Lots of you are asking me what’s happening about my ordination. The truth is there is a lot of detail yet to come, but instead of having this conversation multiple times (because to be honest I’m finding it really hard and painful to talk about right now…), I’m trying to put into words where plans as they stand are, and how I’m feeling about it (because putting things down on paper is sometimes a healing process for me).

Part of me wants to just bottle it up and say as little as I can, but the other half of me knows that in the last 18 months it is through being vulnerable as a church leader that God has taught me much, and ministered to others much too. So here I am being vulnerable and honest, and trying to make sense of things in the middle of a lot of unknowns. These are my reflections of where my head is at now. Tomorrow may be a different story.

I started my blog about 4 years ago when I was starting to train for Methodist ministry, having been accepted for formational training and beginning to pack up life in Cornwall and head to Birmingham with Louise a toddler and a few week old baby in tow.

In my first post I reflected on the certainty that nothing in all creation can separate us from the love of God.

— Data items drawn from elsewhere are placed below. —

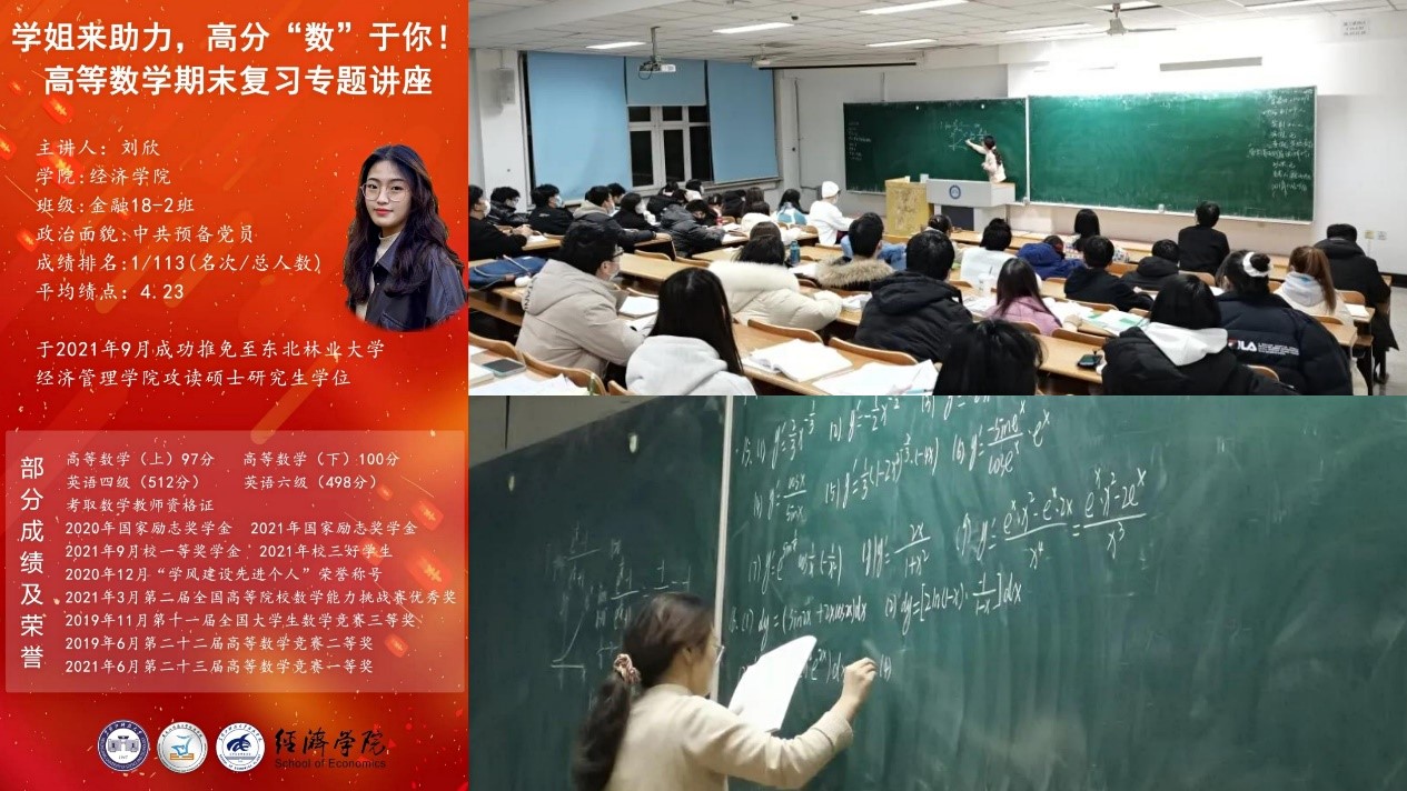 构建“辅学—帮扶”体系,实现学生互促互学。遵循大学生的成长规律,注重朋辈教育的辐射作用。举办“学霸讲堂”、“学姐助力讲高数”、学业帮扶“1对1”等团体和个体辅导活动,指导帮助低年级学生调整期末复习节奏,分享学习经验。线上线下相结合,开展“最美笔记”分享、“四级备考”讲座等,为学业困难学生提供全时段、多维度的学业帮扶。
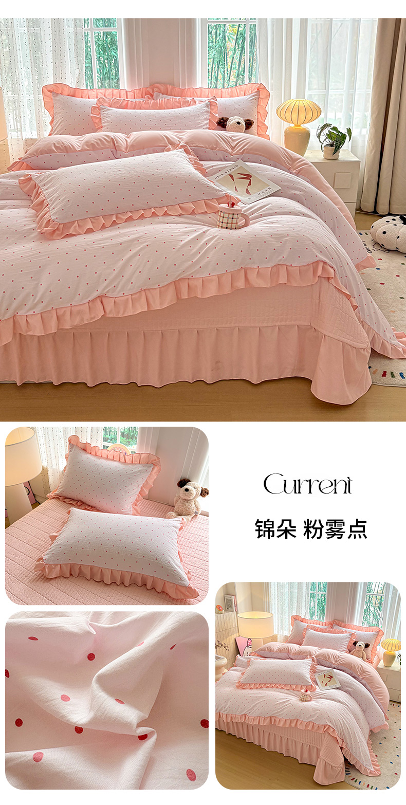 当前位置: 91家纺网 > 商品网购 > 床品套件 > 四件套 > 其它四件套 > 铠畅 2026春夏新款 锦朵系列韩版水洗棉小清新古棉床盖四件套 锦朵 粉雾点
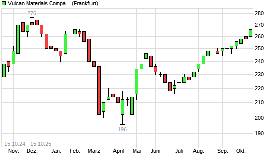 Mit dem Anstieg auf 264,00 EUR hat die Vulcan Materials Company-Aktie (ISIN US9291601097) am 14.10.2025 ein neues 6-Monats-Hoch erreicht und damit den Kurs vom 30.09.2025 eingestellt.
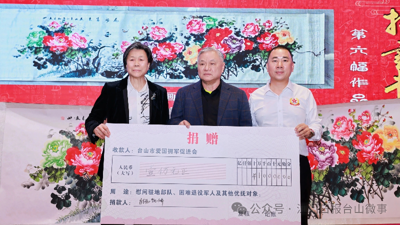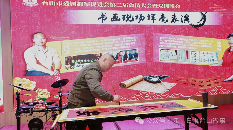 文艺汇演环节紧扣“拥军”主题,彰显军民同心风采。侨都星火江门退役军人志愿服务队带来的合唱《中国军魂》与双人舞《英雄赞歌》,铿锵有力、情感真挚,展现了退役军人昂扬的精神风貌与英雄气概;书画创作环节中,老兵与爱促会会员代表即席挥毫,现场创作“牡丹”、“国泰民安”等作品,以笔墨丹青抒发爱国拥军情怀;由海外书法家、本地艺术家及局领导班子成员捐赠的《山河无恙》《雄风扬正气 热血铸军魂》《宁静致远》等七幅书画作品进行现场义拍,所得善款将全部用于支持促进会开展拥军优属公益活动。
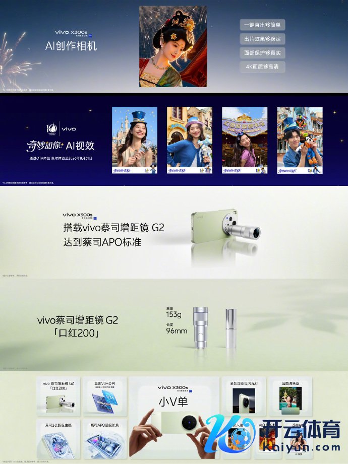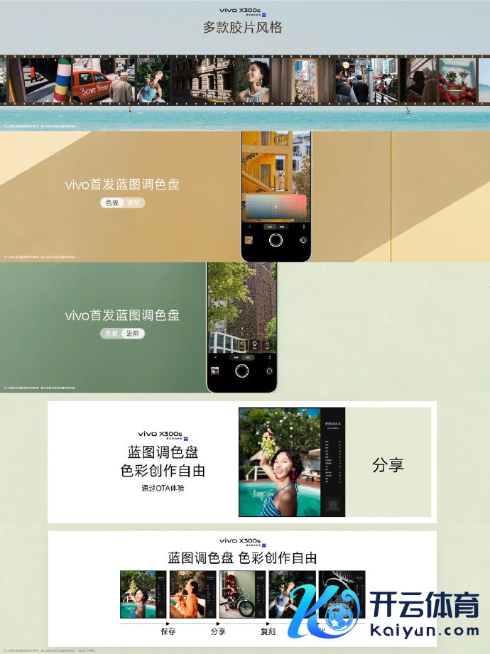 影像方面,X300s后置蔡司2亿像素主摄(1/1.4英寸HPB,CIPA 4.5级防抖)与蔡司APO超等长焦,搭载蓝图影像芯片V3+(蓝晶×天玑9500)。解救X300 Ultra同款全焦段变焦闪光灯及闪光东说念主像算法。提供十余种胶片格调,新增“追光”“浓郁”两种格调,解救蓝图调色盘。首发AI创作相机,解救一键出片及4K画质。
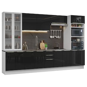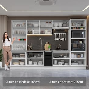 Fabricada com padrão de qualidade superior, a cozinha conta com vidro incolor sobreposto nas frentes e portas. Além disso, os puxadores são em alumínio, as gavetas abrem totalmente e as portas possuem amortecimento para fechamento suave.
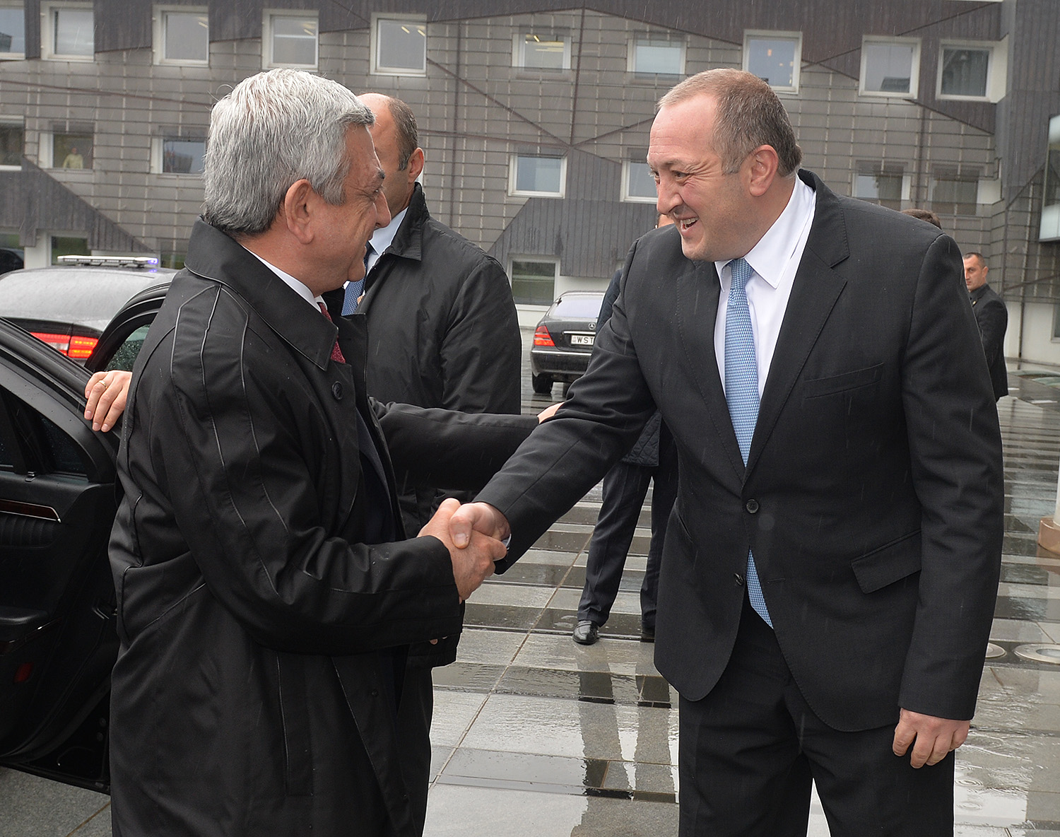 Սերժ Սարգսյանը և Գիորգի Մարգվելաշվիլին հանդիպման արդյունքներն ամփոփել են ԶԼՄ-ների առջև համատեղ հայտարարություններով:
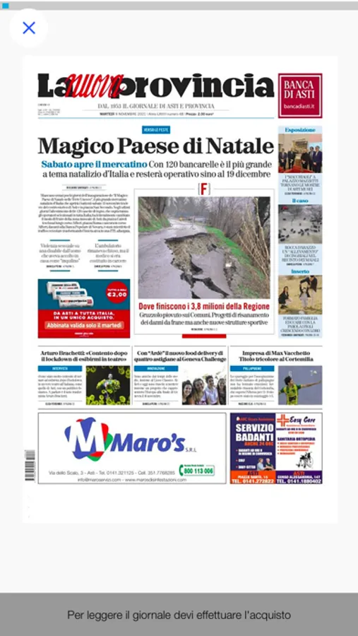 Puoi consultare gratuitamente la prima pagina o acquistare l'edizione completa. Sfogliando le pagine del giornale, ingrandendo i contenuti, ruotando il dispositivo, sarai libero di leggere in piena comodità e nella modalità preferita.
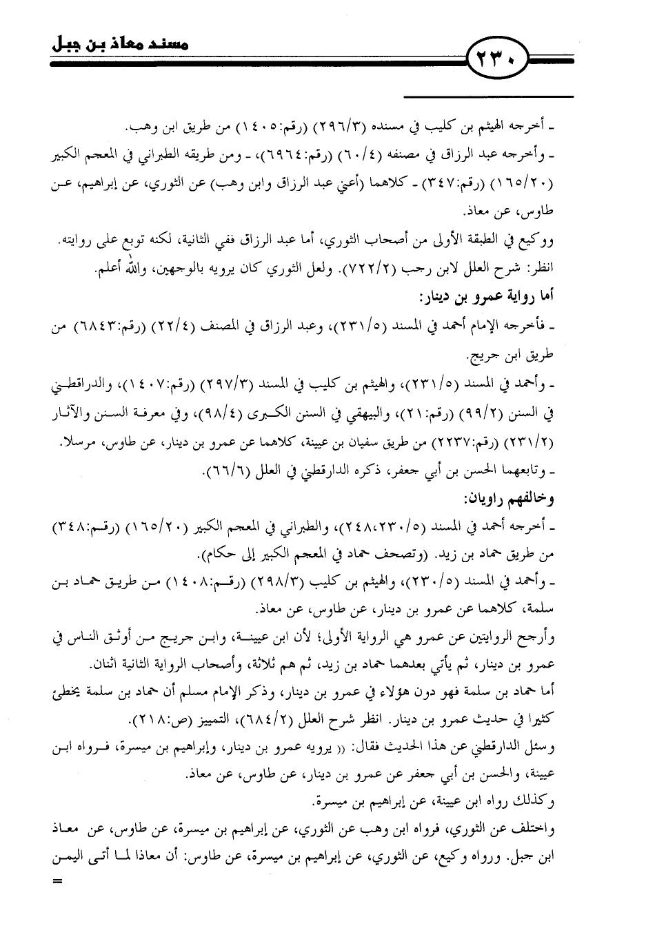 - وأحمد في المسند (٥/ ٢٣٠)، والهيثم بن كليب (٣/ ٢٩٨) (رقم: ١٤٠٨) من طريق حماد بن سلمة، كلاهما عن عمرو بن دينار، عن طاوس، عن معاذ.
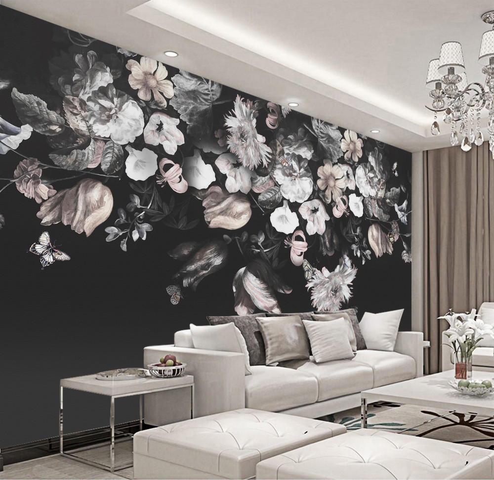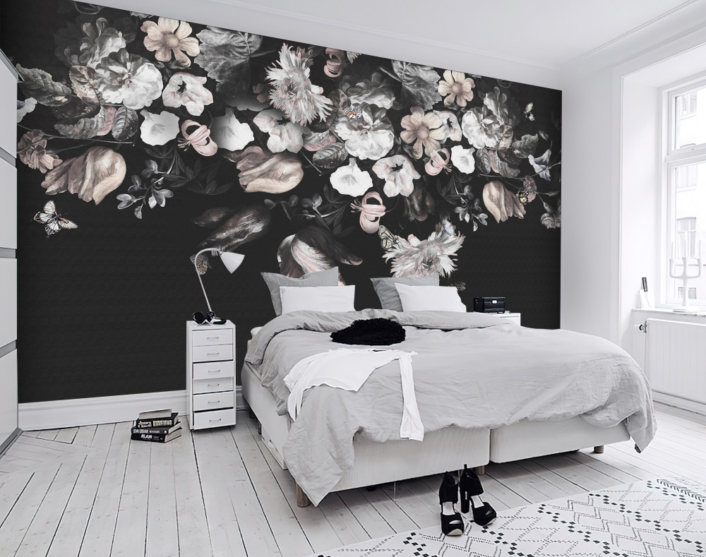 Tapeta Fototapeta białe pąki kwiatowe na czarnym tle (artykuł a94157 ) z kategorii Fototapety 3D
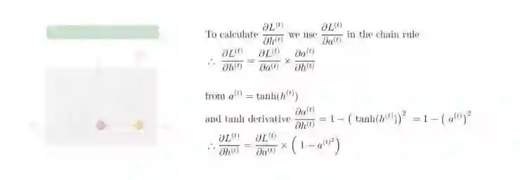 及链式法则,计算出损失函数 L⟨t⟩ 对隐状态 h⟨t⟩ 的偏导数值:
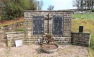 Sandsteinmauer mit Kreuz und zwei Gedenkplatten. Zwei weitere Namensplatten sind lose beigestellt
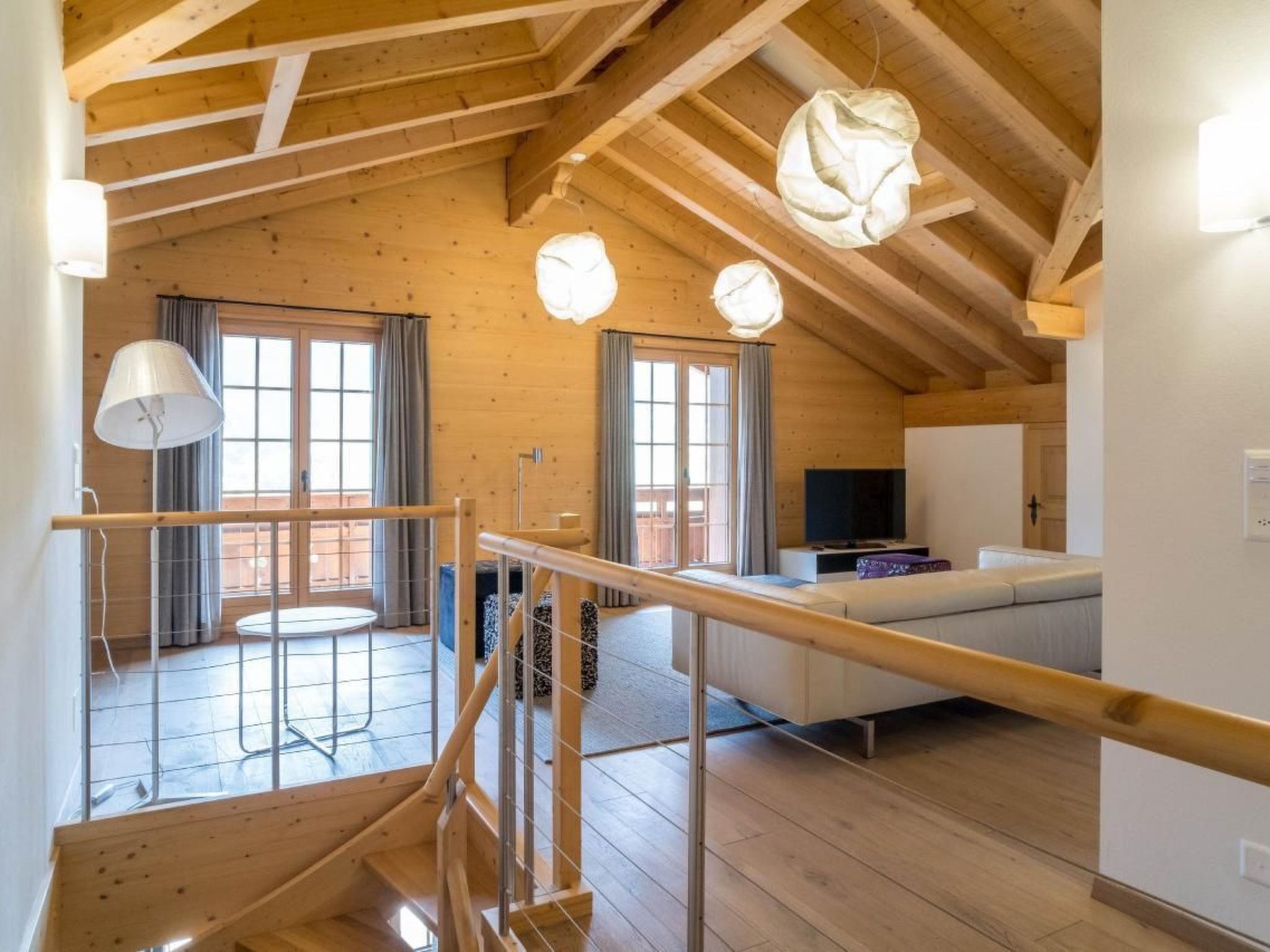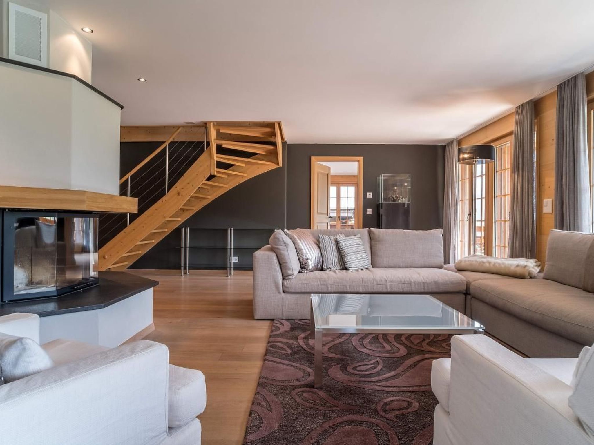 Luxus pur erwartet Sie in der 6.5-Zimmerwohnung auf 266m2, im Dachgeschoss mit Galerie. Die Wohnung im eleganten Alpinlook verfügt über fünf Schlafzimmer mit Doppelbetten, vier davon mit Badezimmer en suite, jeweils mit Badewanne und/oder Dusche und WC und ein separates Badezimmer mit Badewanne und WC. Die Wohnung verfügt über eine offene, sehr gut ausgestattete Küche, die an den grosszügigen Wohn- und Essbereich mit Cheminée anschliesst. Sechs Balkone gehören zur Wohnung – damit haben Sie zu jeder Zeit optimale Aussichten auf die wunderschöne Bergwelt. Mit dem Lift gelangen Sie direkt aus der Tiefgarage in die Wohnung.
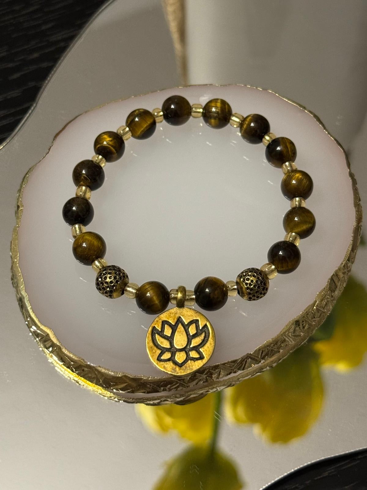 Crafted with golden-brown Tiger's Eye beads and accented with antique gold spacers, this bracelet exudes grounding energy and inner strength. The lotus charm symbolizes spiritual awakening and calm resilience, making it a perfect companion for mindful living.
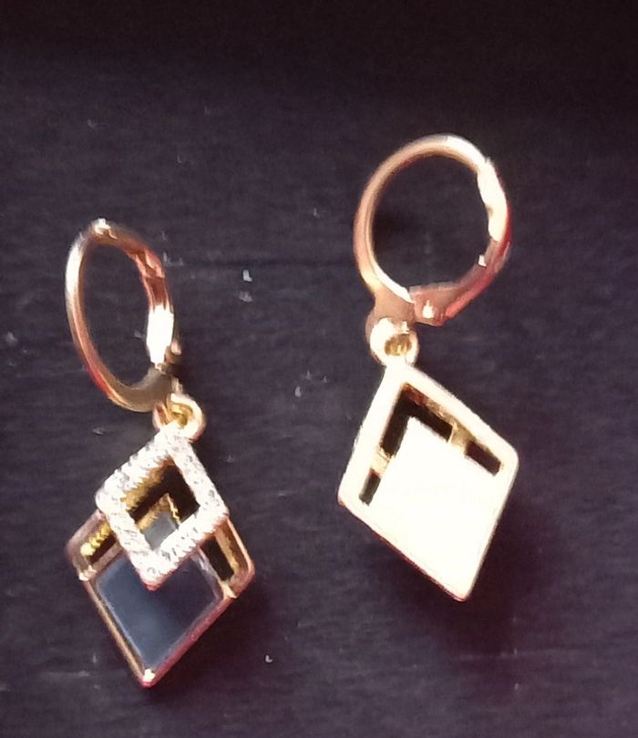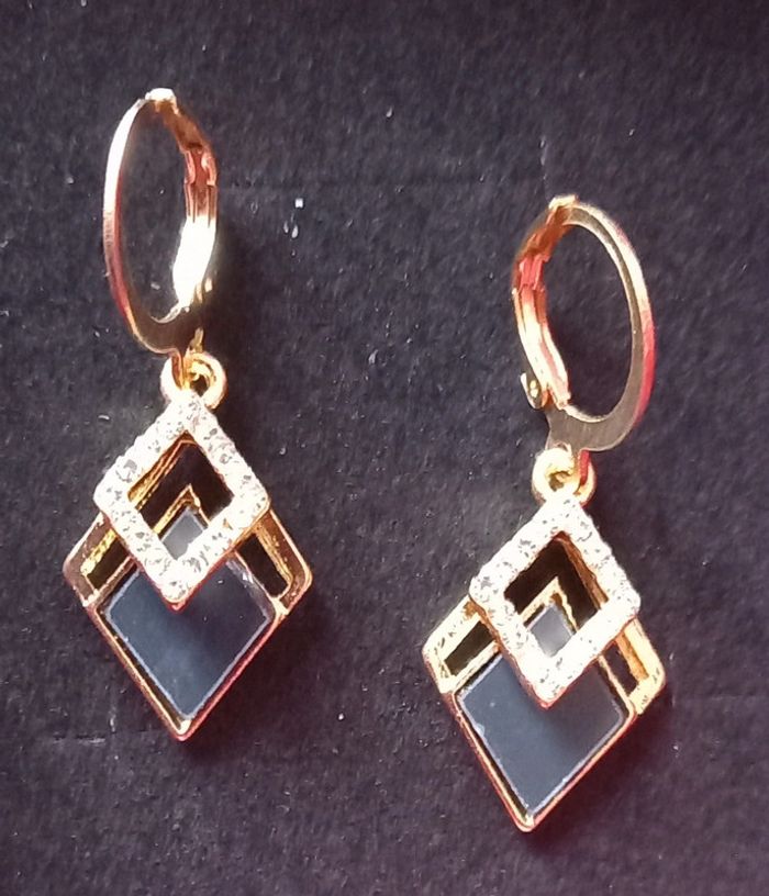 Paire de boucles d'oreilles à trou de couleur dorée Motif: double losange de couleur noir et strass Hauteur : 4 cm 2 cm Diamètre losange
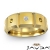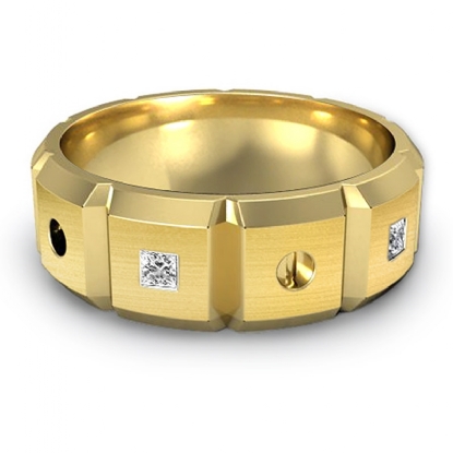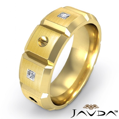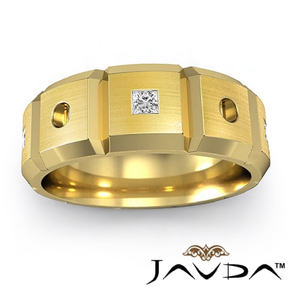 This unique and stunning diamond eternity men's wedding band is made from 14k Gold Yellow. Showcasing polished beveled edges and matte finish center with 5 princess cut diamonds set in a bezel setting.

For I am convinced that neither death nor life, neither angels nor demons, neither the present nor the future, nor any powers,  neither height nor depth, nor anything else in all creation, will be able to separate us from the love of God that is in Christ Jesus our Lord.

Romans 8:38-39

4 years on, those words have been a strength in the uncertainty of living in lockdown. That nothing can ever separate me from God’s love, despite the growing feelings of separation and distance from church family, colleagues, and friends.

2020 was to be my year of Reception into Full Connexion and Ordination. While there’s been lots of times of discernment and testing along the way – committees, reports, assignments and reflection – June 2020 has for all that time been the time and place it was all to culminate as I attend the Methodist Conference, formally enter into covenant relationship with the Methodist Church, and become an ordained presbyter. Coronavirus has thrown all that into the air, and it is not fully clear where all the various aspects and details will land.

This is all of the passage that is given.